== Data for this task

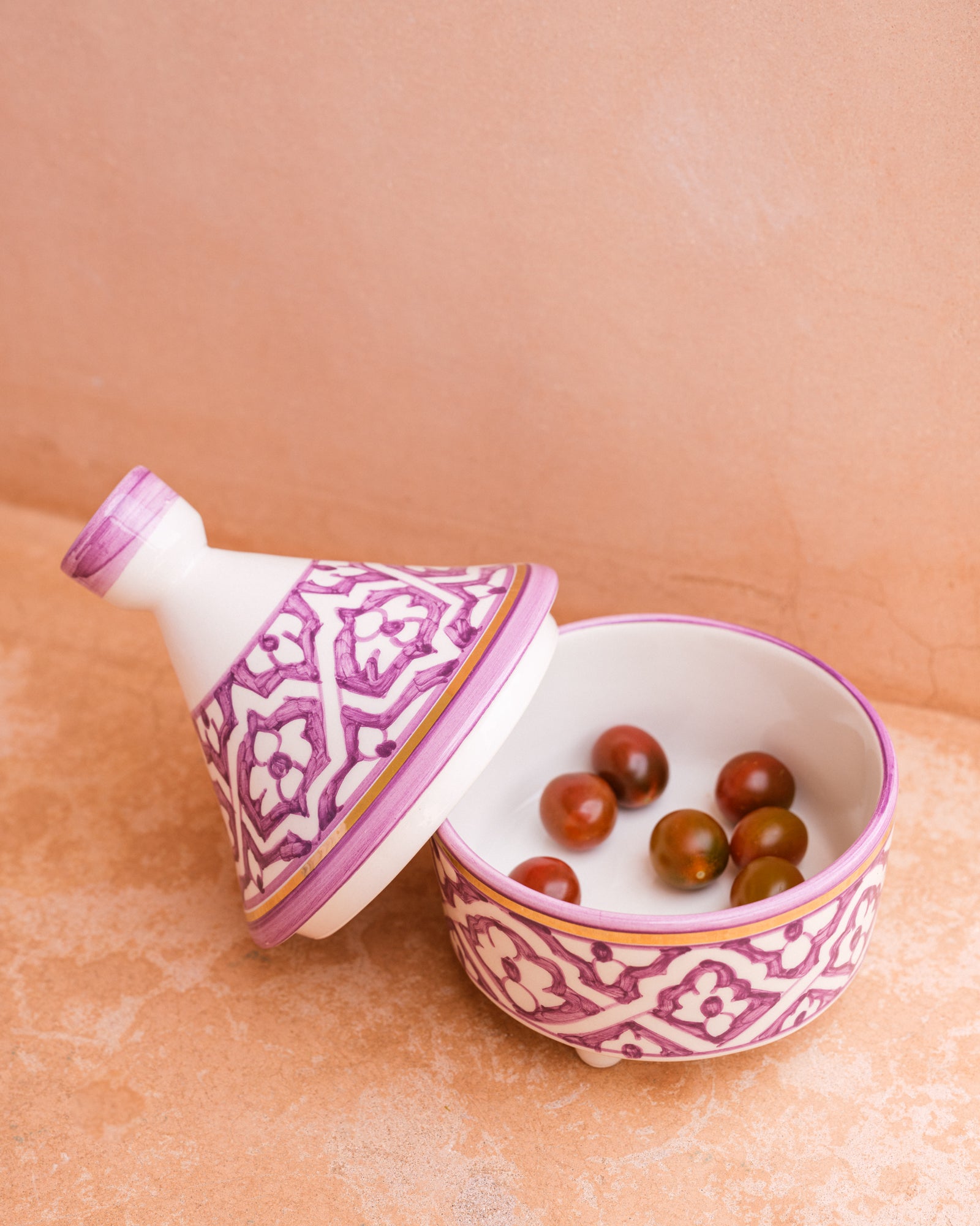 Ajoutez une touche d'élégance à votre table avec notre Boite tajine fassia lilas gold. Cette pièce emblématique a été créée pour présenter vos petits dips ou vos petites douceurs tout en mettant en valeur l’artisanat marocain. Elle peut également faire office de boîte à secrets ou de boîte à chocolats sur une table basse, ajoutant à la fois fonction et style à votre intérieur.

====
== Data for this task

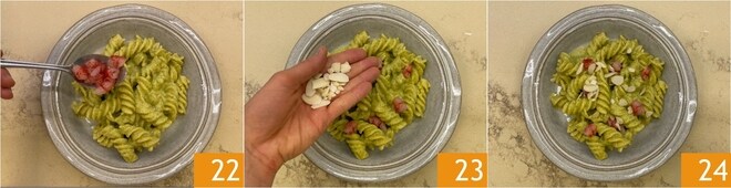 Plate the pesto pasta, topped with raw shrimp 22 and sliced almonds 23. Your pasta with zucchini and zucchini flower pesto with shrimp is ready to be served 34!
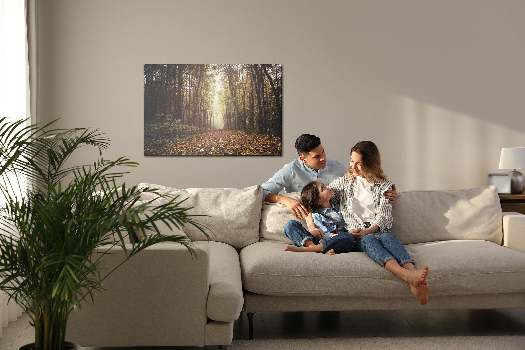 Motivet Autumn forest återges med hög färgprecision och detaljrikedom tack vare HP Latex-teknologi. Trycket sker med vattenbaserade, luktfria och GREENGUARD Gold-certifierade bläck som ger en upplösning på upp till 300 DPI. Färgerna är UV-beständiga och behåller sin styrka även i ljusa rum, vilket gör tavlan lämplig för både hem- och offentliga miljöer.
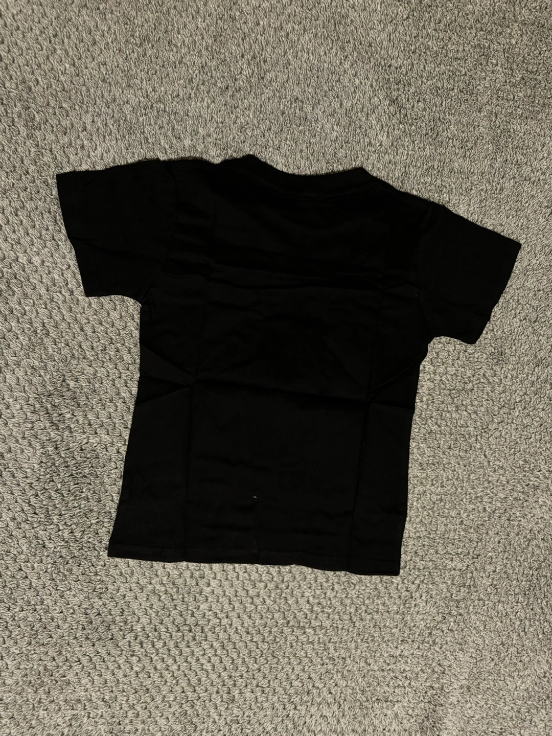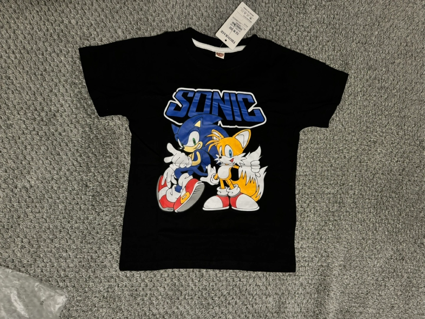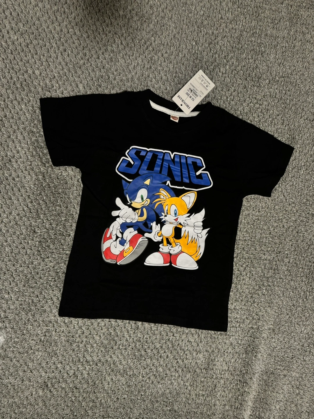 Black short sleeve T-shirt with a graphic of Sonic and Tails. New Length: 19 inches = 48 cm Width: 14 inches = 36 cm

====

Exercise instructions
Please set down, exactly and with no pictures, the lines in the entries above starting at the one holding "Motivet Autumn forest" and ending at the one holding "Black short sleeve", ends included.

Task response
 Motivet Autumn forest återges med hög färgprecision och detaljrikedom tack vare HP Latex-teknologi. Trycket sker med vattenbaserade, luktfria och GREENGUARD Gold-certifierade bläck som ger en upplösning på upp till 300 DPI. Färgerna är UV-beständiga och behåller sin styrka även i ljusa rum, vilket gör tavlan lämplig för både hem- och offentliga miljöer.
 Black short sleeve T-shirt with a graphic of Sonic and Tails. New Length: 19 inches = 48 cm Width: 14 inches = 36 cm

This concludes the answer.